● Assignment
Return exactly the lines of the records below, starting at the line that contains "近一年(2024年9月30日" and ending at the line that contains "Механизм: измеряет временные", with both of those lines kept.

● Given records
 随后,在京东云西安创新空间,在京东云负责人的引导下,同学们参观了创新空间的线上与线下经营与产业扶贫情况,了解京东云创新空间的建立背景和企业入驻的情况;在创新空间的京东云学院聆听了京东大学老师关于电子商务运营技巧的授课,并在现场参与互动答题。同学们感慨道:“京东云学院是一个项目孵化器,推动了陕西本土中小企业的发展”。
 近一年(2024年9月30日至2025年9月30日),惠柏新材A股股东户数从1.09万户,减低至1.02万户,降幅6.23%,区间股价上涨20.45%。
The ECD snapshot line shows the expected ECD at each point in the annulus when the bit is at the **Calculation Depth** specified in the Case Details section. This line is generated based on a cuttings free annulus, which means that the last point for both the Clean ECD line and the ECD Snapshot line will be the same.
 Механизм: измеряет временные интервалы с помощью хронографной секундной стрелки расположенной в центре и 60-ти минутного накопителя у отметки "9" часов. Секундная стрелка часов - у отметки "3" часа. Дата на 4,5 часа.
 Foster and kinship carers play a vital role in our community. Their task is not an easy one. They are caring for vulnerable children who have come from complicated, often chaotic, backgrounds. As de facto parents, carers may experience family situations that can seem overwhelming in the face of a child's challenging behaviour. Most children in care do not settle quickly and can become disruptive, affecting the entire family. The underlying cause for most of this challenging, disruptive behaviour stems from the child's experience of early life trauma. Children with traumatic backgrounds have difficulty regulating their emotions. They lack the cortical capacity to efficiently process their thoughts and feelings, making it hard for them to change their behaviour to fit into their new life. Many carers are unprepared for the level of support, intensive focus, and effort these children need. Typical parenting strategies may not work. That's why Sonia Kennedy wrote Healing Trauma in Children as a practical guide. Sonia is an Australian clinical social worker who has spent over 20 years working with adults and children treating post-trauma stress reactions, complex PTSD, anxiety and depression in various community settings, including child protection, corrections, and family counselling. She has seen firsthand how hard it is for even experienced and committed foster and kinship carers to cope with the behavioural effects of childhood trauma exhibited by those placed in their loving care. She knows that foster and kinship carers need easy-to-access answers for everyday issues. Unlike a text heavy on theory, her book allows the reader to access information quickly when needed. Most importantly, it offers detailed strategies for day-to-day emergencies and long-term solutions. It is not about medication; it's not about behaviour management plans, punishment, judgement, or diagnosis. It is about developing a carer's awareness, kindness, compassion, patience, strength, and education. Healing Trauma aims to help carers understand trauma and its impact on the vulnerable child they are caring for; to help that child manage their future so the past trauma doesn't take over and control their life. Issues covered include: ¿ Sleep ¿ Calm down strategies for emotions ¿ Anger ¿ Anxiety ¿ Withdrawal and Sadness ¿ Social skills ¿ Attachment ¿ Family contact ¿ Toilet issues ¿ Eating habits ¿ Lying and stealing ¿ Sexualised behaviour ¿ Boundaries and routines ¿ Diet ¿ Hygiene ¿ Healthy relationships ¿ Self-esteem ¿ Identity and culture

● Result below
 近一年(2024年9月30日至2025年9月30日),惠柏新材A股股东户数从1.09万户,减低至1.02万户,降幅6.23%,区间股价上涨20.45%。
The ECD snapshot line shows the expected ECD at each point in the annulus when the bit is at the **Calculation Depth** specified in the Case Details section. This line is generated based on a cuttings free annulus, which means that the last point for both the Clean ECD line and the ECD Snapshot line will be the same.
 Механизм: измеряет временные интервалы с помощью хронографной секундной стрелки расположенной в центре и 60-ти минутного накопителя у отметки "9" часов. Секундная стрелка часов - у отметки "3" часа. Дата на 4,5 часа.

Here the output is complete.